- WORK REQUIRED: Give back every line of the data exactly. Pictures are not part of the copy.

- INFORMATION SHOWN:
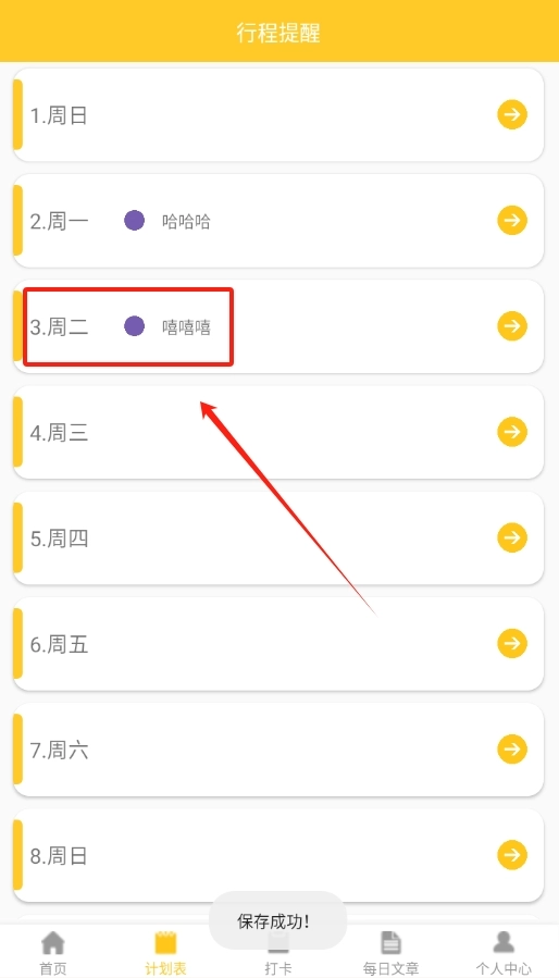 再回到计划表页面,就能看到刚才添加好的行程啦。
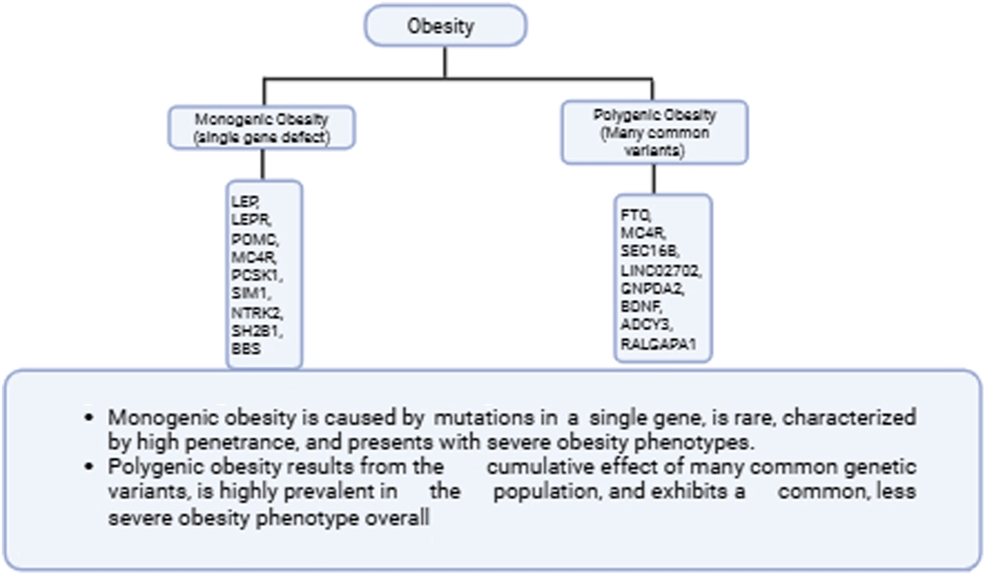 Following established traditional protocols, Loos and Yeo (2022) divided obesity into two categories. First, there is monogenic obesity, which is based on Mendelian rules associated with a severe disease course and states that underlying mechanisms of obesity would include deletions in the chromosome or the deletion of a single gene Second, there is polygenic obesity, also known as common obesity, which is associated with hundreds of polymorphisms (Loos and Yeo, 2022).
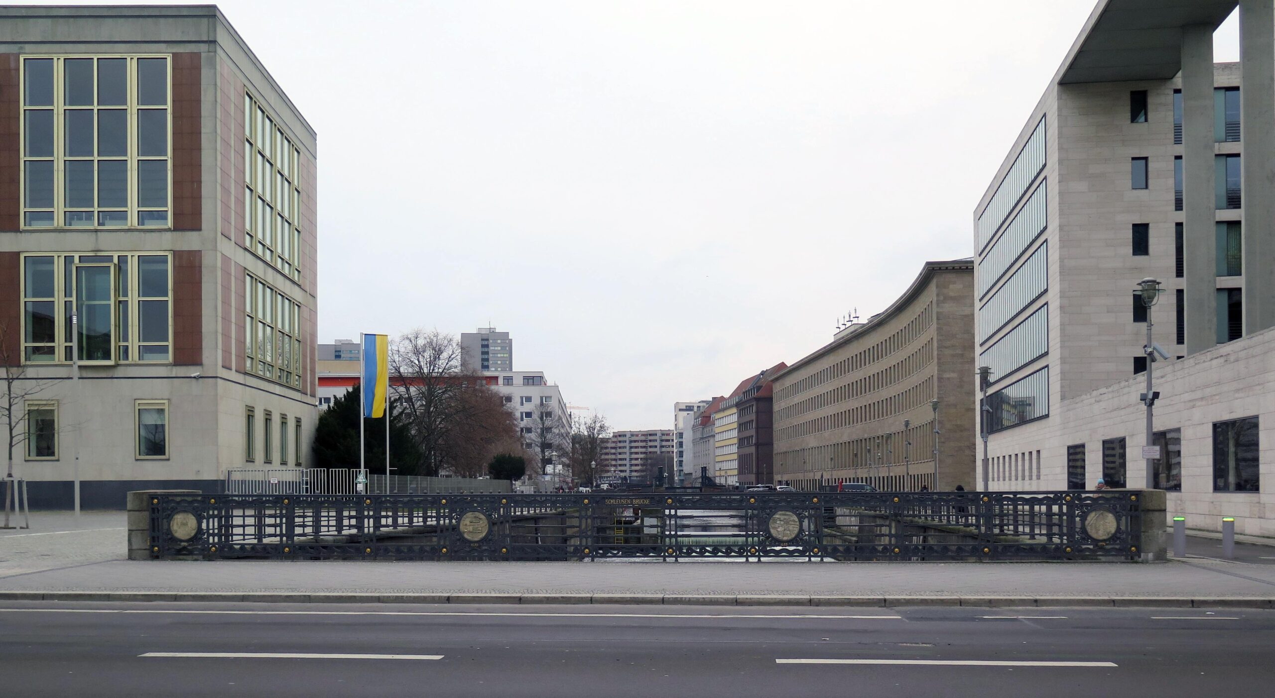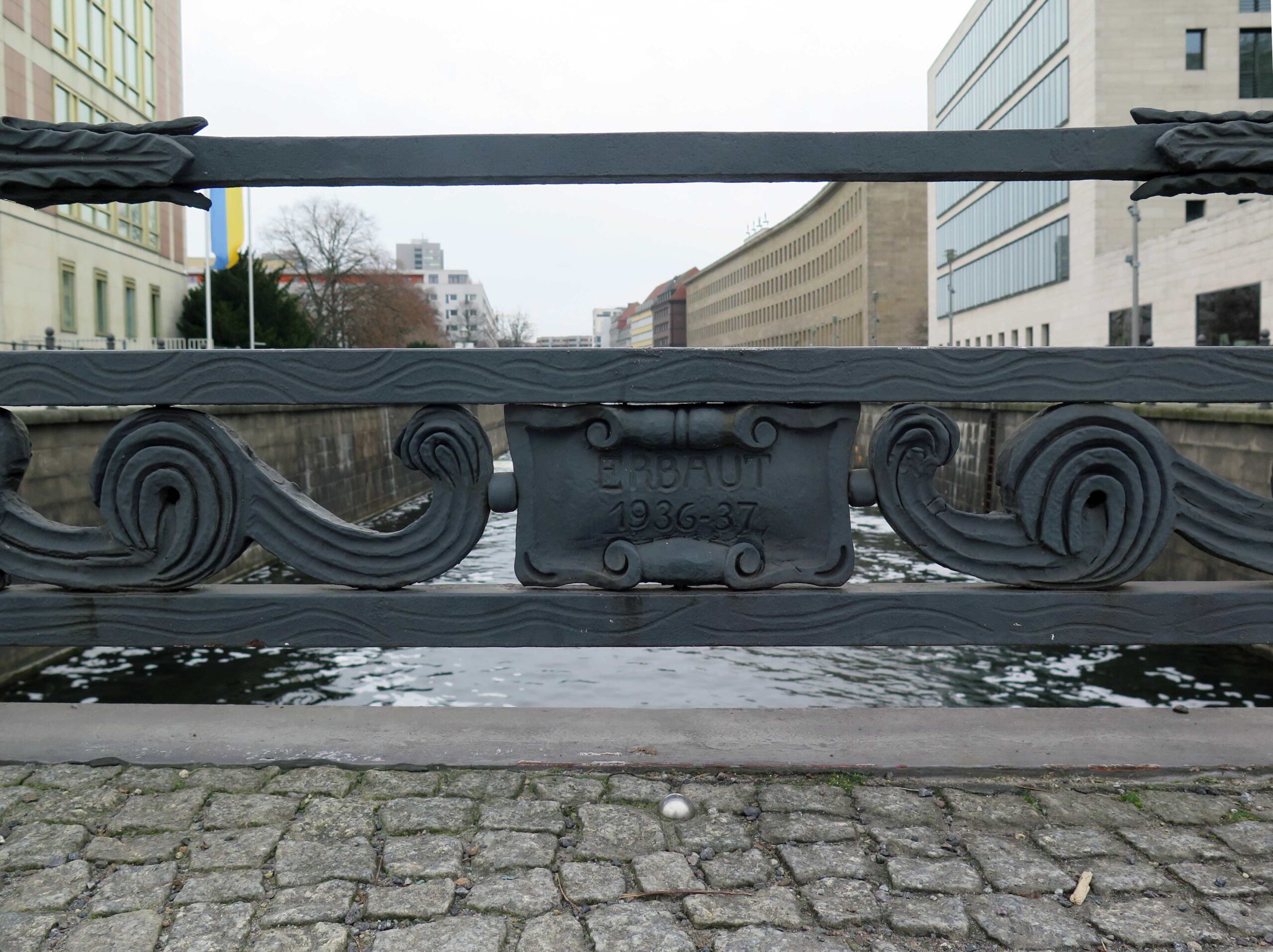 Die Schleusenbrücke verläuft über den westlichen Spreearm und verbindet die Straße Werderscher Markt mit dem Schloßplatz. Die seitlichen Geländer bestehen aus je 13 Feldern, die im oberen und unteren Bereich mit unterschiedlichen Wellenmotiven verziert sind. In die äußeren und mittleren Felder sind acht runde Medaillons mit Stadtansichten Berlins eingelassen, darunter erläutern kleine Plaketten mit vergoldeten Jahreszahlen das Jahr der Darstellung. Der Übergang zu den rechteckigen Geländerfeldern ist mit stilisierten Palmetten und Akanthusblättern gefüllt. Die Zwischenfelder sind mit waagerechten Bändern versehen. Die wasserseitigen Rückseiten der Medaillons sind mit großen stilisierten Blüten geschmückt (Nicola Vösgen).
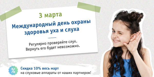 Напоминаем! Весь март дарим карты со скидкой 10% на слуховые аппараты от наших партнеров. Получить карту можно у администратора любой из наших клиник. Количество карт ограничено.

- SOLVED EXERCISE:
 再回到计划表页面,就能看到刚才添加好的行程啦。
 Following established traditional protocols, Loos and Yeo (2022) divided obesity into two categories. First, there is monogenic obesity, which is based on Mendelian rules associated with a severe disease course and states that underlying mechanisms of obesity would include deletions in the chromosome or the deletion of a single gene Second, there is polygenic obesity, also known as common obesity, which is associated with hundreds of polymorphisms (Loos and Yeo, 2022).
 Die Schleusenbrücke verläuft über den westlichen Spreearm und verbindet die Straße Werderscher Markt mit dem Schloßplatz. Die seitlichen Geländer bestehen aus je 13 Feldern, die im oberen und unteren Bereich mit unterschiedlichen Wellenmotiven verziert sind. In die äußeren und mittleren Felder sind acht runde Medaillons mit Stadtansichten Berlins eingelassen, darunter erläutern kleine Plaketten mit vergoldeten Jahreszahlen das Jahr der Darstellung. Der Übergang zu den rechteckigen Geländerfeldern ist mit stilisierten Palmetten und Akanthusblättern gefüllt. Die Zwischenfelder sind mit waagerechten Bändern versehen. Die wasserseitigen Rückseiten der Medaillons sind mit großen stilisierten Blüten geschmückt (Nicola Vösgen).
 Напоминаем! Весь март дарим карты со скидкой 10% на слуховые аппараты от наших партнеров. Получить карту можно у администратора любой из наших клиник. Количество карт ограничено.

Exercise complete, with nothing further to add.